The City of Indianapolis has a human rights ordinance, passed relatively recently, that prohibits discrimination based upon sexual orientation, and there was an immediate hue and cry, accompanied by lots of publicity featuring individuals leveling accusations of discrimination. The Mayor’s office promised to investigate whether the Ordinance had been violated. That in turn animated the usual suspects—the local unit of the American Family Association among them—to leap to the defense of the owner and his right to his religious beliefs. It seemed likely that the controversy would devolve into the usual name-calling and righteous indignation, allowing the right-wing to generate anti-gay hostility and ramp up their fundraising.

But then, the gay community and its allies did something politically brilliant.

The sponsors of the Human Rights Ordinance and the presidents of two major gay rights organizations wrote a letter to the editor of the local paper. That letter made several points:

  • The Ordinance prohibits discrimination—for example, a refusal to sell cookies to gay groups or individuals.
  • The Ordinance does not—and constitutionally could not—require a business owner or individual to support a political cause with which he disagrees.
  • Just Cookies had never (to the authors knowledge) refused to sell cookies to gay people or groups; it had, however clumsily, declined to endorse a political position.
  • The authors strongly disagreed with the political position of the owner, but—echoing Voltaire—defended his right to hold that position. (To which they added the hope that those who disagreed with their advocacy of equality would be equally supportive of their rights.)

The letter was both legally correct and politically brilliant. The Indianapolis Star—never noted for a pro-gay-rights bias—ran a favorable front-page story and an editorial, the latter commending the gay community for its “graciousness.” Both the story and the editorial made the bigots look small and extreme. The electronic media followed suit. Rather than the typical “fringe vs. fringe” coverage such conflicts tend to generate, the gay community came out looking mainstream and reasonable, and the anti-gay activists were deprived of a favored tactic: accusing those of us who are pro-gay-rights of “religious bigotry.”

And at the end of the day, thanks to the amount and kind of publicity generated, a lot of people will demonstrate their disagreement with the owner’s political position—which he has every right to hold—by buying their cookies elsewhere. Which they have every right to do.

A consequence sweeter than cookies.

Game-Playing

When I was growing up, parents and teachers used to tell us “it isn’t whether you win or lose, it’s how you play the game.” Honor was a higher goal than winning. Playing fair, displaying sportsmanship, generosity in winning and gallantry in losing were the goals. Adults worthy of our admiration and respect were those who modeled such behaviors.

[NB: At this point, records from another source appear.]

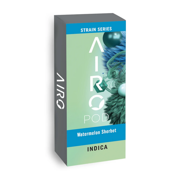 Indulge in yummy, tingly full-body relaxation with Watermelon Sherbet. Watermelon Sherbet is an Indica-dominant strain that’s perfect for unwinding after a long day to a calm, dreamy state. As you inhale, vivify your palate with sweet, earthy tastes of luscious, fruity terpenes Limonene, Beta-Caryophyllene, and Beta-Myrcene. As you exhale, quickly feel powerful euphoria rinse away your tension as the rainbow aromas fill the air. -- Airo Brands Strain Series consists of high-potency, pure distillate oil blended with 100% naturally sourced terpenes true to the cannabis plant. Our unique terpene profiles give you a classic strain taste and feel. -- AiroPod Cartridges are only compatible with the AiroPro and AiroSport Vaporizer. DOH Compliant
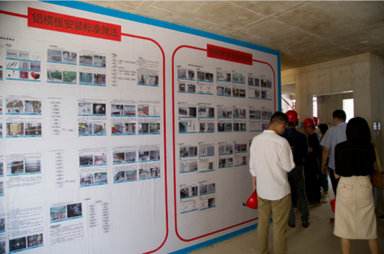 接下来大家进入到“样板质量区”,在这里由中建七局的安排专业工程技术人员为大家详细讲解了在紫荆名都项目中采用的一些已成熟应用的最新施工工艺;
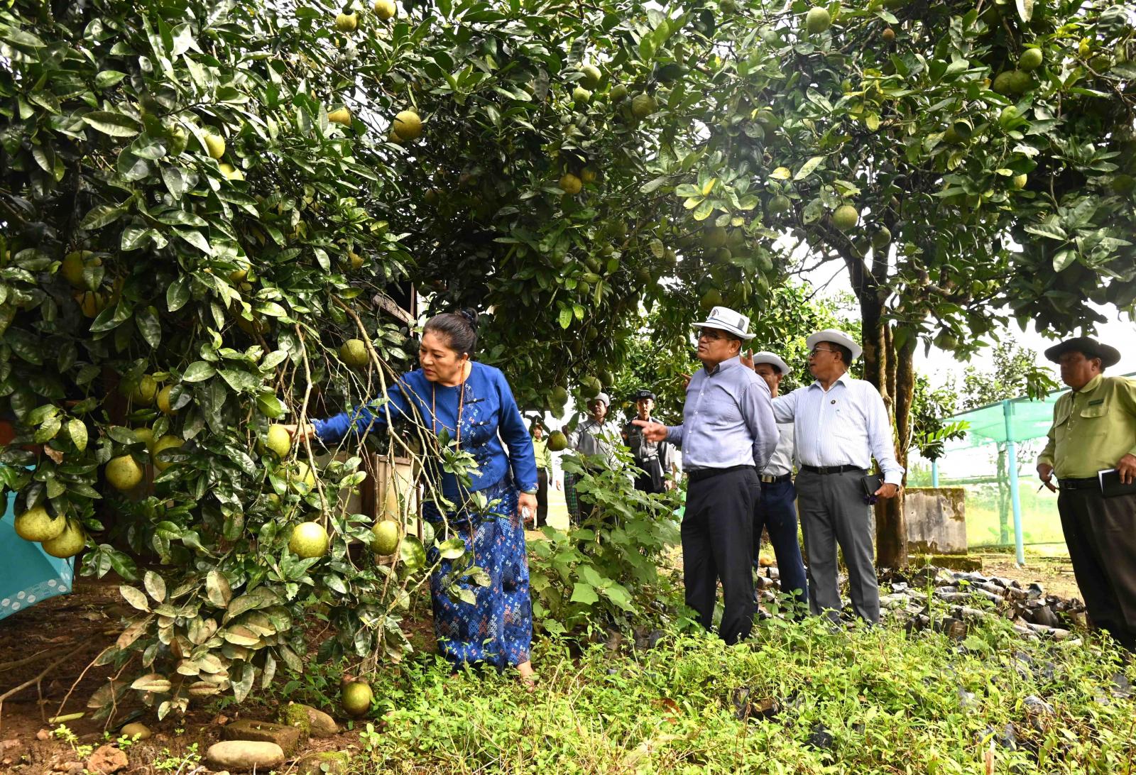 ထို့နောက် အဆိုပါ ပြည်ထောင်စုလမ်းမဘေးရှိ စိုက်ပျိုးရေးဦးစီးဌာနပိုင် မတ်ပန်ခြံ၌ ကျွဲကောသီးပင်များ စိုက်ပျိုးဖြစ်ထွန်းမှု၊ ဂရိတ်ဖုကိုင်းဆက်မျိုးပွား ဆောင်ရွက်ထားရှိသည့် ပျိုးပင်များ ပျိုးထောင်စိုက်ပျိုးထားရှိမှုတို့ကို ကြည့်ရှုစစ်ဆေးခဲ့ကြပြီး ဂရိတ်ဖုပျိုးပင်များ ဖြန့်ဝေဆောင်ရွက်နိုင်မှု အခြေအနေများကို မေးမြန်းဆွေးနွေးကာ ခြံစိုက်တောင်သူများအပြင် ဒေသခံများ၏ ခြံဝင်းများတွင် စိုက်ပျိုးဆောင်ရွက်နိုင်ရေး တိုးချဲ့ပျိုးထောင်ထားရှိရန် တာဝန်ရှိသူများအား မှာကြားခဲ့သည်။

Need I say that times have changed?

There has been a great deal written about the Shirley Sherrod fiasco, and plenty of egg for all the faces involved. A right-wing blogger and Fox News favorite, Andrew Breitbart, was evidently offended by the NAACP’s demand that the Tea Party denounce those among them who had exhibited racism. In another echo from my childhood—nah, nah, you’re a bigger one—he posted a videotape purporting to show a speech by Sherrod, an African-American employee of the Agriculture Department, in which it appeared she was sharing anti-White sentiments after receiving an award from the organization. The tape, it turned out, had been doctored—when viewed in its entirety, it was a heartfelt plea to get beyond racism of all varieties.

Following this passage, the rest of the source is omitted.